Action item
Strip out the pictures and output each remaining line of the data word for word.

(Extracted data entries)
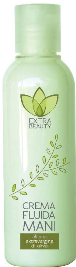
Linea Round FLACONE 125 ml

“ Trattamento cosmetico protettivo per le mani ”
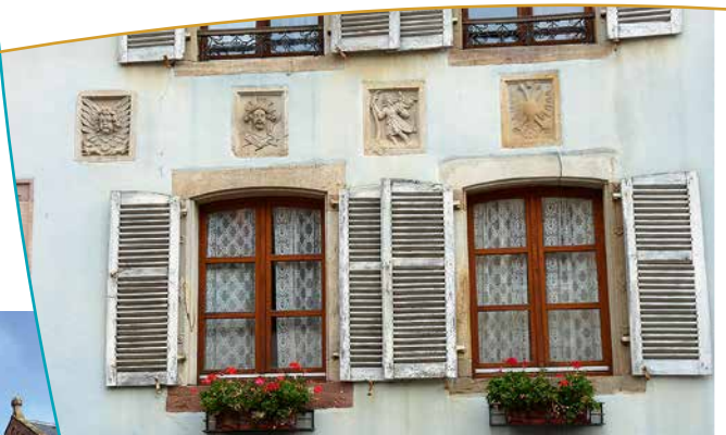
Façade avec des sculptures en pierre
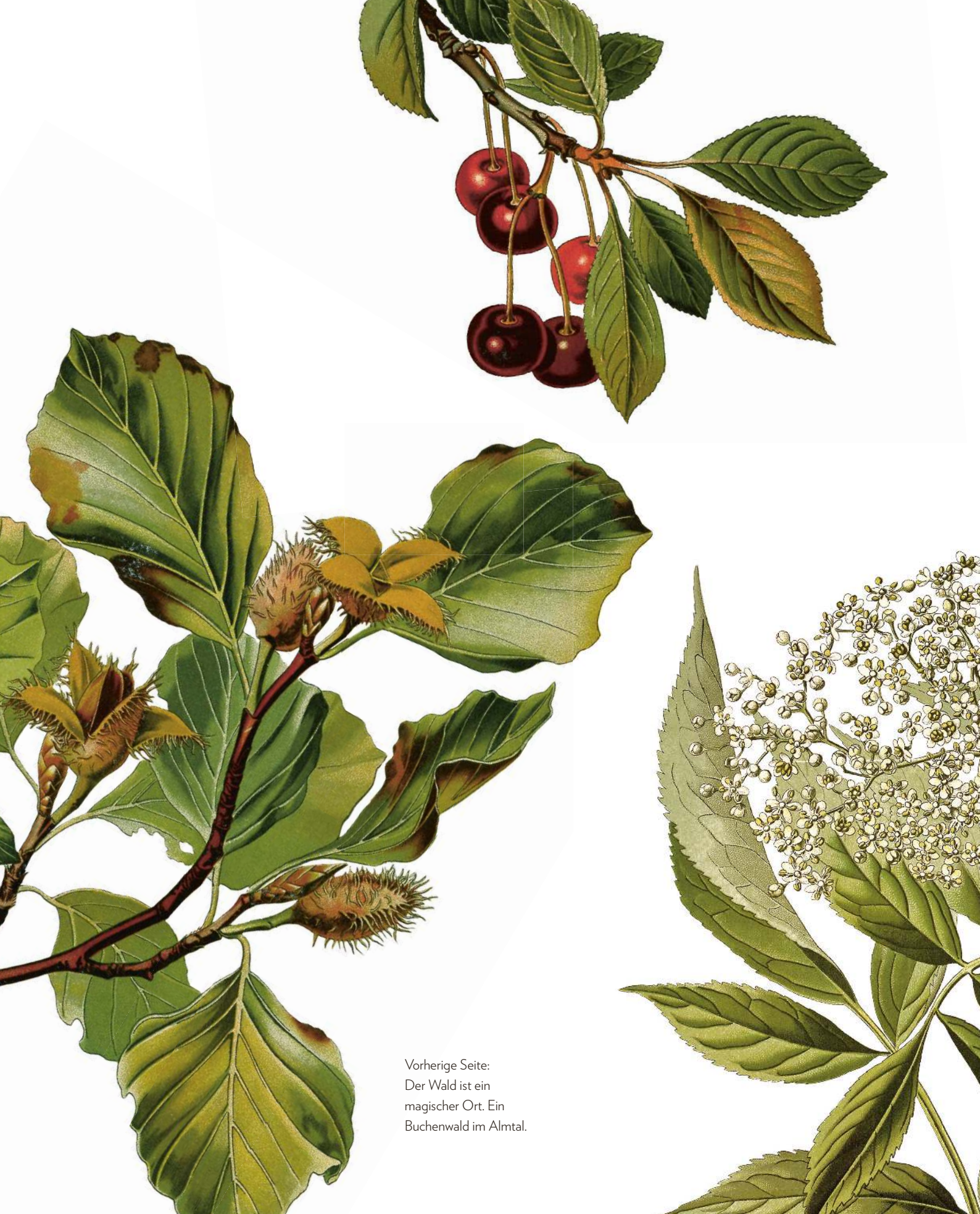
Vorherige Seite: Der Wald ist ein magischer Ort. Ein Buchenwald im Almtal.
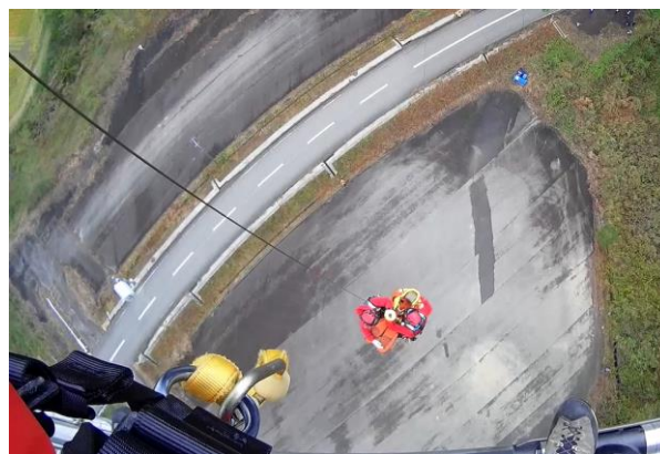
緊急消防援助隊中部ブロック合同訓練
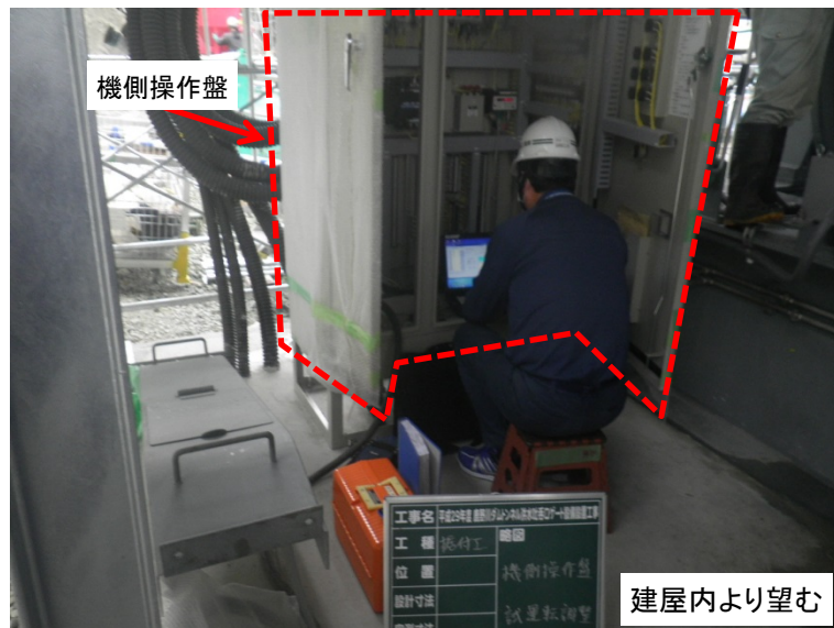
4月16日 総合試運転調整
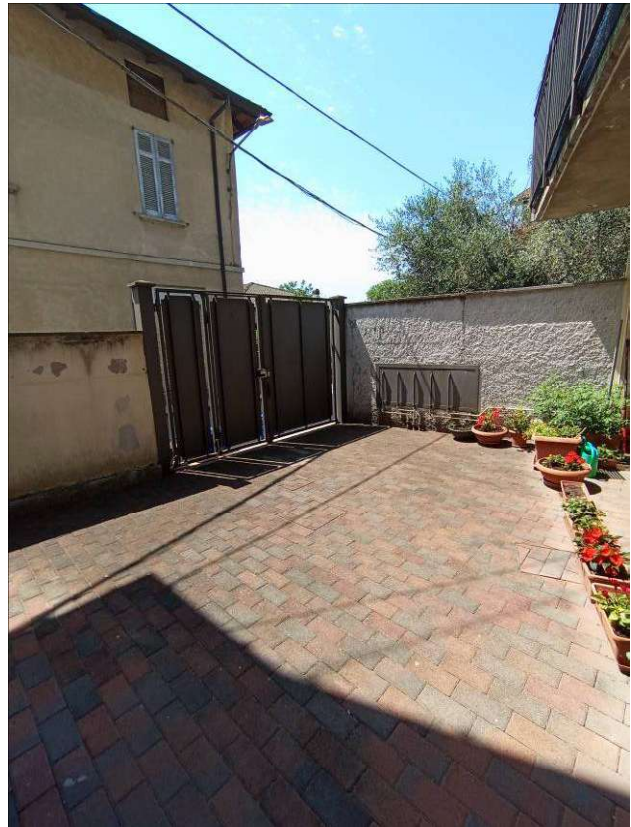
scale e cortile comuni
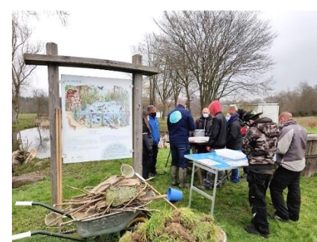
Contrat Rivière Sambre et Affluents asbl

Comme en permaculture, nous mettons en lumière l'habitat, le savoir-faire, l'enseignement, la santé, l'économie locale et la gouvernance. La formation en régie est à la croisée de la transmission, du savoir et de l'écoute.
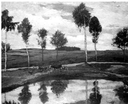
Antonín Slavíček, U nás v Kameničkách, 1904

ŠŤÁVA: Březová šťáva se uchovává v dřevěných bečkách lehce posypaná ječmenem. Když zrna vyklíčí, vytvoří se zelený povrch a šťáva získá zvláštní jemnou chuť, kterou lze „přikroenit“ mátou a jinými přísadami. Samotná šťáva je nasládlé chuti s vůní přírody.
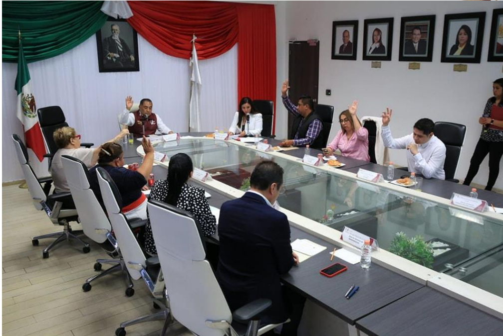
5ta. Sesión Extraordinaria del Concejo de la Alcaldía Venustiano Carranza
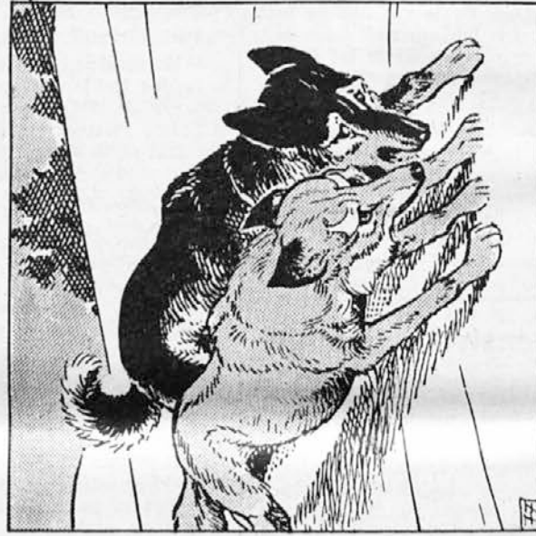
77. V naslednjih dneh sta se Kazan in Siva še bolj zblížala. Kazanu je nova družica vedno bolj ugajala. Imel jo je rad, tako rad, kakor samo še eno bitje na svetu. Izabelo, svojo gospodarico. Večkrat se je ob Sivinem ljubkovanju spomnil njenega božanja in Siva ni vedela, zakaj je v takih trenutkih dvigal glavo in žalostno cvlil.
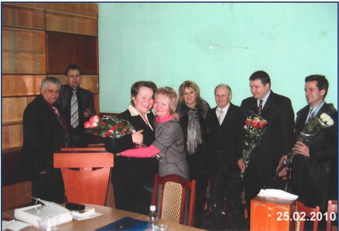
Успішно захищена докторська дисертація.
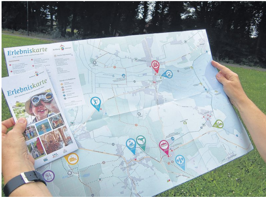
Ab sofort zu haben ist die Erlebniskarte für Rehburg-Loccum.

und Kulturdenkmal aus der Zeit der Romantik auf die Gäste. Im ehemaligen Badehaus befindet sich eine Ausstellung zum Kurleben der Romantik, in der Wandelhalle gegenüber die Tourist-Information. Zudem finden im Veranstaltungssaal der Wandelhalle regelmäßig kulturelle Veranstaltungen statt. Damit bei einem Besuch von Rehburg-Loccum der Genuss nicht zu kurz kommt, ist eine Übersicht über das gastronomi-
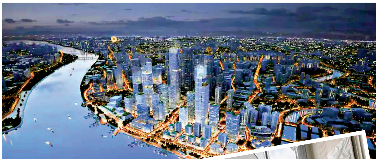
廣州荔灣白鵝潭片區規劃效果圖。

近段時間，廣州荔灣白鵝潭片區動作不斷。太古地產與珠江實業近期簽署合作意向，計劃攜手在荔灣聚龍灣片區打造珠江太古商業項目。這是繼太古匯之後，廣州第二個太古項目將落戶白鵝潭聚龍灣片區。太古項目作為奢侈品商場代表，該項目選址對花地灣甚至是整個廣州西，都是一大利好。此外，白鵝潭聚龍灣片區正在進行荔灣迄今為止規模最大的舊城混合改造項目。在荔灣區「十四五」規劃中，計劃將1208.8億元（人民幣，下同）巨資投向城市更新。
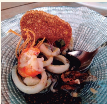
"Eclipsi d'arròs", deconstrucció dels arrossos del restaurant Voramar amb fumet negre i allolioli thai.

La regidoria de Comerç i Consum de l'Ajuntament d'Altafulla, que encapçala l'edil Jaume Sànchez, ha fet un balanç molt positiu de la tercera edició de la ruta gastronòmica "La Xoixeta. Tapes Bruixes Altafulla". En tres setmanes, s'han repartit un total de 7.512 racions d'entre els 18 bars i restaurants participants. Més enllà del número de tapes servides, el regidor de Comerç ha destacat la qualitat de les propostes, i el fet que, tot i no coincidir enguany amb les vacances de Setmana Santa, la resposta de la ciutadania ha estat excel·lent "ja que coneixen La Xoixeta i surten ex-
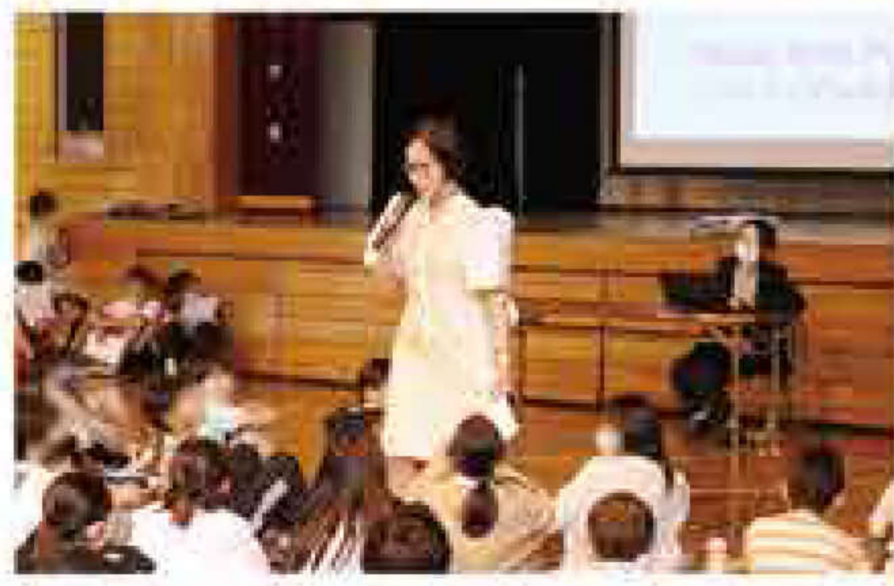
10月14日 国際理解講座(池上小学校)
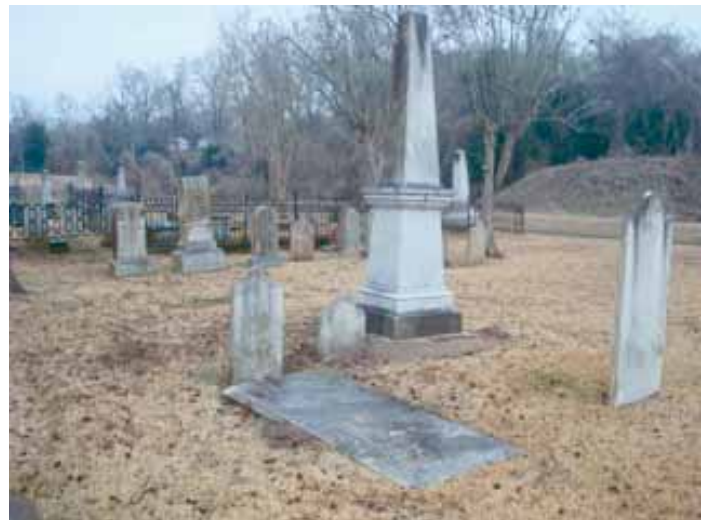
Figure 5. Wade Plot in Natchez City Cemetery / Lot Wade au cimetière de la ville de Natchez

Result of the task
Linea Round FLACONE 125 ml

“ Trattamento cosmetico protettivo per le mani ”
Façade avec des sculptures en pierre
Vorherige Seite: Der Wald ist ein magischer Ort. Ein Buchenwald im Almtal.
緊急消防援助隊中部ブロック合同訓練
4月16日 総合試運転調整
scale e cortile comuni
Contrat Rivière Sambre et Affluents asbl

Comme en permaculture, nous mettons en lumière l'habitat, le savoir-faire, l'enseignement, la santé, l'économie locale et la gouvernance. La formation en régie est à la croisée de la transmission, du savoir et de l'écoute.
Antonín Slavíček, U nás v Kameničkách, 1904

ŠŤÁVA: Březová šťáva se uchovává v dřevěných bečkách lehce posypaná ječmenem. Když zrna vyklíčí, vytvoří se zelený povrch a šťáva získá zvláštní jemnou chuť, kterou lze „přikroenit“ mátou a jinými přísadami. Samotná šťáva je nasládlé chuti s vůní přírody.
5ta. Sesión Extraordinaria del Concejo de la Alcaldía Venustiano Carranza
77. V naslednjih dneh sta se Kazan in Siva še bolj zblížala. Kazanu je nova družica vedno bolj ugajala. Imel jo je rad, tako rad, kakor samo še eno bitje na svetu. Izabelo, svojo gospodarico. Večkrat se je ob Sivinem ljubkovanju spomnil njenega božanja in Siva ni vedela, zakaj je v takih trenutkih dvigal glavo in žalostno cvlil.
Успішно захищена докторська дисертація.
Ab sofort zu haben ist die Erlebniskarte für Rehburg-Loccum.

und Kulturdenkmal aus der Zeit der Romantik auf die Gäste. Im ehemaligen Badehaus befindet sich eine Ausstellung zum Kurleben der Romantik, in der Wandelhalle gegenüber die Tourist-Information. Zudem finden im Veranstaltungssaal der Wandelhalle regelmäßig kulturelle Veranstaltungen statt. Damit bei einem Besuch von Rehburg-Loccum der Genuss nicht zu kurz kommt, ist eine Übersicht über das gastronomi-
廣州荔灣白鵝潭片區規劃效果圖。

近段時間，廣州荔灣白鵝潭片區動作不斷。太古地產與珠江實業近期簽署合作意向，計劃攜手在荔灣聚龍灣片區打造珠江太古商業項目。這是繼太古匯之後，廣州第二個太古項目將落戶白鵝潭聚龍灣片區。太古項目作為奢侈品商場代表，該項目選址對花地灣甚至是整個廣州西，都是一大利好。此外，白鵝潭聚龍灣片區正在進行荔灣迄今為止規模最大的舊城混合改造項目。在荔灣區「十四五」規劃中，計劃將1208.8億元（人民幣，下同）巨資投向城市更新。
"Eclipsi d'arròs", deconstrucció dels arrossos del restaurant Voramar amb fumet negre i allolioli thai.

La regidoria de Comerç i Consum de l'Ajuntament d'Altafulla, que encapçala l'edil Jaume Sànchez, ha fet un balanç molt positiu de la tercera edició de la ruta gastronòmica "La Xoixeta. Tapes Bruixes Altafulla". En tres setmanes, s'han repartit un total de 7.512 racions d'entre els 18 bars i restaurants participants. Més enllà del número de tapes servides, el regidor de Comerç ha destacat la qualitat de les propostes, i el fet que, tot i no coincidir enguany amb les vacances de Setmana Santa, la resposta de la ciutadania ha estat excel·lent "ja que coneixen La Xoixeta i surten ex-
10月14日 国際理解講座(池上小学校)
Figure 5. Wade Plot in Natchez City Cemetery / Lot Wade au cimetière de la ville de Natchez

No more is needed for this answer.